Please reproduce the lines from the one containing "Because I Love" through the end of the data below exactly as they stand, and omit all pictures.

§ §

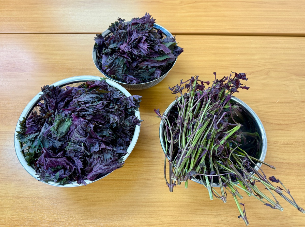 その1:赤しその葉と茎を分離させる。必要なのは葉っぱだけ。
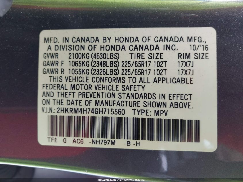 2016 HONDA CR-V - 2HKRM4H74GH715560, цвет - Серый, 2.4, Бензин, Полный привод из США
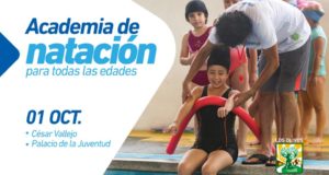 Desde el 01 de octubre asiste a las clases de natación La Municipalidad de los Olivos te invita a formar parte de la Academia de Natación con piscinas temperadas apto para todas las edades. Inicio: lunes 01 de octubre Informes e Inscripciones: al 6138282 Piscina Palacio de la Juventud – Anexo 1115 – 1512 Piscina Cesar Vallejo – Anexo 6108 ...
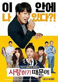 Because I Love You (Korean: 사랑하기 때문에; RR: Saranghagi Ttaemoone) is a 2017 South Korean fantasy-comedy omnibus film starring Cha Tae-hyun and Kim Yoo-jung. Directed by Joo Ji-hoong, it premiered on January 4, 2017.[2][3] This movie starring Cha Tae-hyun is produced by his elder brother Cha Ji-hyun[4] who also produced the film The Grand Heist starring Tae-hyun.[5]
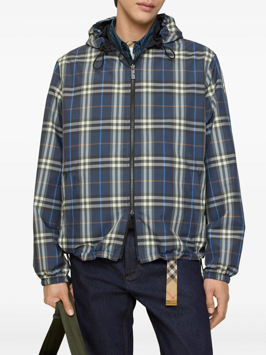 check-pattern hooded reversible jacket

§ §

[Answer to the problem]
 Because I Love You (Korean: 사랑하기 때문에; RR: Saranghagi Ttaemoone) is a 2017 South Korean fantasy-comedy omnibus film starring Cha Tae-hyun and Kim Yoo-jung. Directed by Joo Ji-hoong, it premiered on January 4, 2017.[2][3] This movie starring Cha Tae-hyun is produced by his elder brother Cha Ji-hyun[4] who also produced the film The Grand Heist starring Tae-hyun.[5]
 check-pattern hooded reversible jacket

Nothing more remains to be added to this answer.